Data to use
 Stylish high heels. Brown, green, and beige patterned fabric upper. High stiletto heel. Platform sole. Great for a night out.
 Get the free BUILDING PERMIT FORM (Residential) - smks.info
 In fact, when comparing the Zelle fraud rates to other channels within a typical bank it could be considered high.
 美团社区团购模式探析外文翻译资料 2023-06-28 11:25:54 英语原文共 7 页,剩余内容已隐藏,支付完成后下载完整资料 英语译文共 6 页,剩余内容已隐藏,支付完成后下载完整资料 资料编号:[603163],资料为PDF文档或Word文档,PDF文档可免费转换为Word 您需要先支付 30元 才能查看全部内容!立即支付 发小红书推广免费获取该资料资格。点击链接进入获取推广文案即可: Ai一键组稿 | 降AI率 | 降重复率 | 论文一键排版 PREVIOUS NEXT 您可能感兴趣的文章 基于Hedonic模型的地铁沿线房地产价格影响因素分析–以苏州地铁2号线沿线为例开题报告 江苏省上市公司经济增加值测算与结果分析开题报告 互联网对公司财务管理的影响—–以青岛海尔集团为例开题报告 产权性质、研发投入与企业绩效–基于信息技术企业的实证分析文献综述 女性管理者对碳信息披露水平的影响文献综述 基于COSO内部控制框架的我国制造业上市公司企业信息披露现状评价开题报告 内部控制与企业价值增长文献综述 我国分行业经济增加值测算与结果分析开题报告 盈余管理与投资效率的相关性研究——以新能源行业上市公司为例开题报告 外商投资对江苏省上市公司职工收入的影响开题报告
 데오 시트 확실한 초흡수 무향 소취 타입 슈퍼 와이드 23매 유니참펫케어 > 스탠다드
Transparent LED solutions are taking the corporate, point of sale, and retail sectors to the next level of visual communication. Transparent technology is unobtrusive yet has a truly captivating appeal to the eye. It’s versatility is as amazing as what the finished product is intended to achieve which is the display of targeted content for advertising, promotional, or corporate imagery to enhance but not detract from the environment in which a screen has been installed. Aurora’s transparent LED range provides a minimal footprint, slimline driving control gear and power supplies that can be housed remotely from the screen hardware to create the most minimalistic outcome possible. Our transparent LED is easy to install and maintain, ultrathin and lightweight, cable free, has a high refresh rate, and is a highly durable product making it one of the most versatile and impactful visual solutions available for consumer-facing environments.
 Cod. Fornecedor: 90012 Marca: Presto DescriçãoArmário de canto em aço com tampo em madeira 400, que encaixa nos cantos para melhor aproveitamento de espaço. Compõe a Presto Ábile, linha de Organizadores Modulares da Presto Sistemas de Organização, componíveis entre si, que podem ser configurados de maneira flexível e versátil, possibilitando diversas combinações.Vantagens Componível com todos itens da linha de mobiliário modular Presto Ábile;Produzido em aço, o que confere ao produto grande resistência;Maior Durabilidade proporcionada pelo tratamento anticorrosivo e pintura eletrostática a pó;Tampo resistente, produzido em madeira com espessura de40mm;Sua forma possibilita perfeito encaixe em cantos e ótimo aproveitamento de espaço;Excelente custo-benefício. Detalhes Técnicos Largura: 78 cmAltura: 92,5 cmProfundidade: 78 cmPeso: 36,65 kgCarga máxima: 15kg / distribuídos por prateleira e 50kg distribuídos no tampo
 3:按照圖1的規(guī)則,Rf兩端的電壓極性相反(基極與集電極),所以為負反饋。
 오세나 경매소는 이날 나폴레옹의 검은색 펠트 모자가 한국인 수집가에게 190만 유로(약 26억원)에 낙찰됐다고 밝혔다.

==

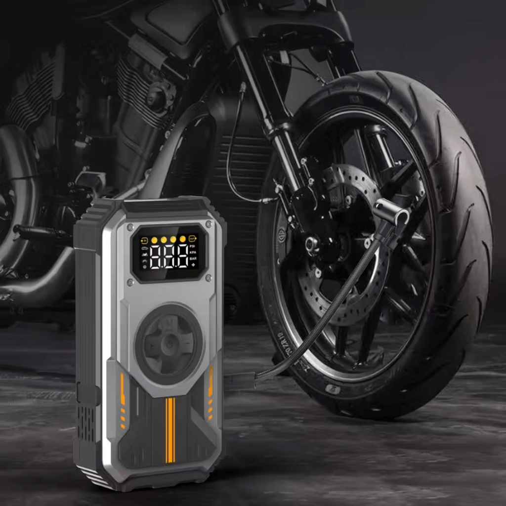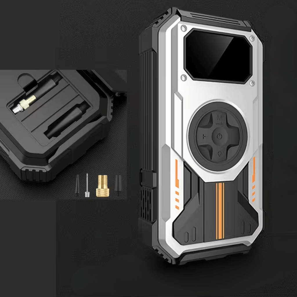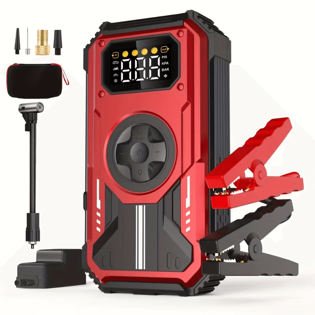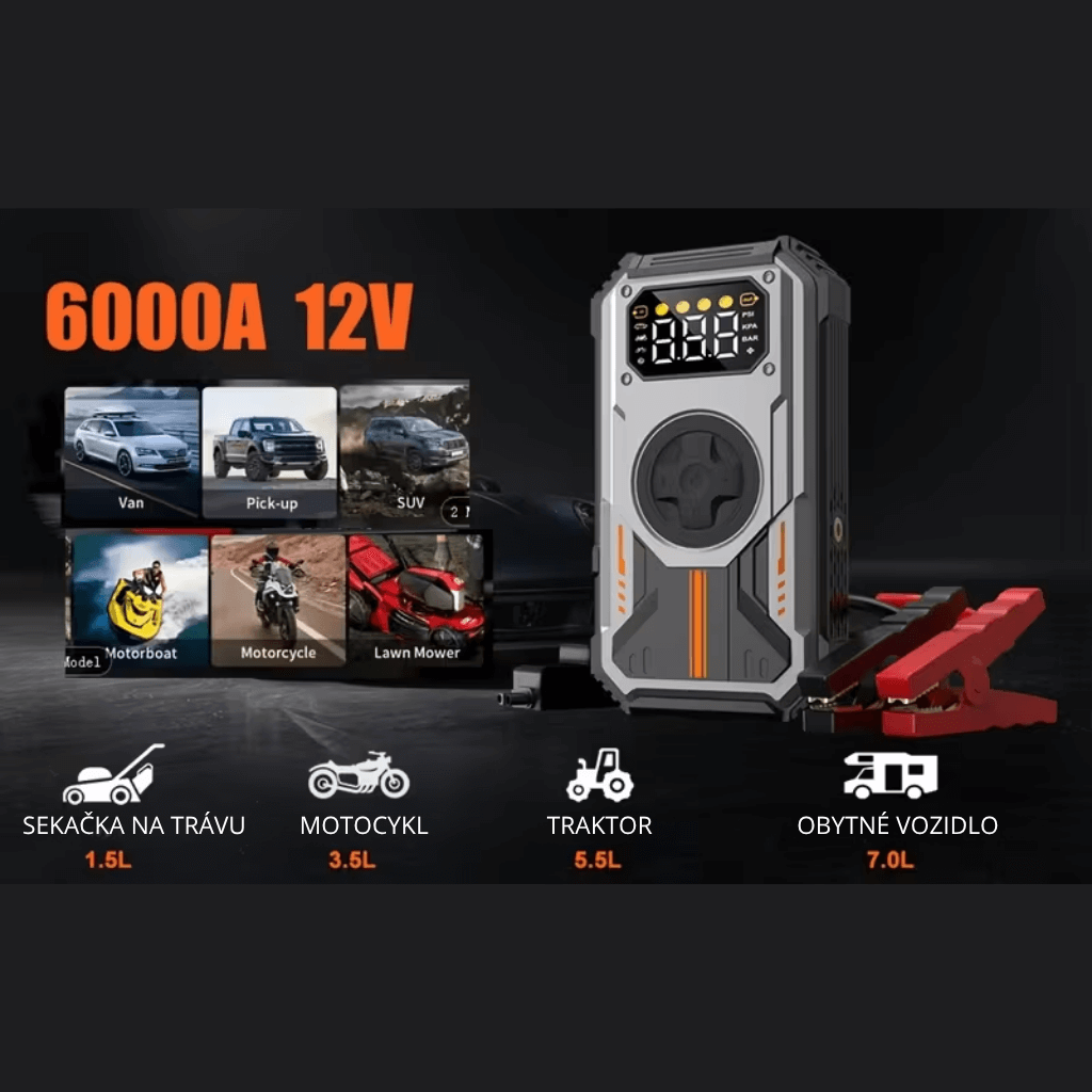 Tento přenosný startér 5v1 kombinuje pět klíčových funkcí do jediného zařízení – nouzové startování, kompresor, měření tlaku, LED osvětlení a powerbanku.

---

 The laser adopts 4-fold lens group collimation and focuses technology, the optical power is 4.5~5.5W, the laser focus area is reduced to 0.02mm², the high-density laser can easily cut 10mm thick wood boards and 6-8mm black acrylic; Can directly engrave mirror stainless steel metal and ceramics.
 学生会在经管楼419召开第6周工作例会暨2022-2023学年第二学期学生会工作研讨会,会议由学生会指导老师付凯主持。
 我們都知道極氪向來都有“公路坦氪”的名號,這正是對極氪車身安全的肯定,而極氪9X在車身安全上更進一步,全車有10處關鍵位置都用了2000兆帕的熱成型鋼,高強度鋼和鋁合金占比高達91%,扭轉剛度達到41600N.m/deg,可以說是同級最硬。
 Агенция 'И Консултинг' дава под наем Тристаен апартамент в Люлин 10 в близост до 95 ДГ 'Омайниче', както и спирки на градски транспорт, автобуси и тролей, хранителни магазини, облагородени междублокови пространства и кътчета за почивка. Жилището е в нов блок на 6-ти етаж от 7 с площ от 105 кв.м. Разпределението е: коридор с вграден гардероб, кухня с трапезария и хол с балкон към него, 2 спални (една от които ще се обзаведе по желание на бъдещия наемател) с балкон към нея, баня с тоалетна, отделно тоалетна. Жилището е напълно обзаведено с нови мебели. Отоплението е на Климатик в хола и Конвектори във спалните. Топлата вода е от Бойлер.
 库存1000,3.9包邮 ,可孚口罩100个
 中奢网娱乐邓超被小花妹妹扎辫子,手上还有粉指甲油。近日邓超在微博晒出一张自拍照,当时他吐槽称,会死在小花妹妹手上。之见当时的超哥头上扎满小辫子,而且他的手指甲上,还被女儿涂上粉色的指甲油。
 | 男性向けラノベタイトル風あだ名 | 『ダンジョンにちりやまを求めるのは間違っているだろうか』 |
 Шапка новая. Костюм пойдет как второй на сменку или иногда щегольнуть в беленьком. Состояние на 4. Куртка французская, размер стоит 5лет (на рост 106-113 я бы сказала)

Task instructions
Look through the data above and return exactly the lines from the one that contains "Агенция 'И Консултинг'" to the one that contains "Шапка новая. Костюм", inclusive, with nothing else.

Answer below
 Агенция 'И Консултинг' дава под наем Тристаен апартамент в Люлин 10 в близост до 95 ДГ 'Омайниче', както и спирки на градски транспорт, автобуси и тролей, хранителни магазини, облагородени междублокови пространства и кътчета за почивка. Жилището е в нов блок на 6-ти етаж от 7 с площ от 105 кв.м. Разпределението е: коридор с вграден гардероб, кухня с трапезария и хол с балкон към него, 2 спални (една от които ще се обзаведе по желание на бъдещия наемател) с балкон към нея, баня с тоалетна, отделно тоалетна. Жилището е напълно обзаведено с нови мебели. Отоплението е на Климатик в хола и Конвектори във спалните. Топлата вода е от Бойлер.
 库存1000,3.9包邮 ,可孚口罩100个
 中奢网娱乐邓超被小花妹妹扎辫子,手上还有粉指甲油。近日邓超在微博晒出一张自拍照,当时他吐槽称,会死在小花妹妹手上。之见当时的超哥头上扎满小辫子,而且他的手指甲上,还被女儿涂上粉色的指甲油。
 | 男性向けラノベタイトル風あだ名 | 『ダンジョンにちりやまを求めるのは間違っているだろうか』 |
 Шапка новая. Костюм пойдет как второй на сменку или иногда щегольнуть в беленьком. Состояние на 4. Куртка французская, размер стоит 5лет (на рост 106-113 я бы сказала)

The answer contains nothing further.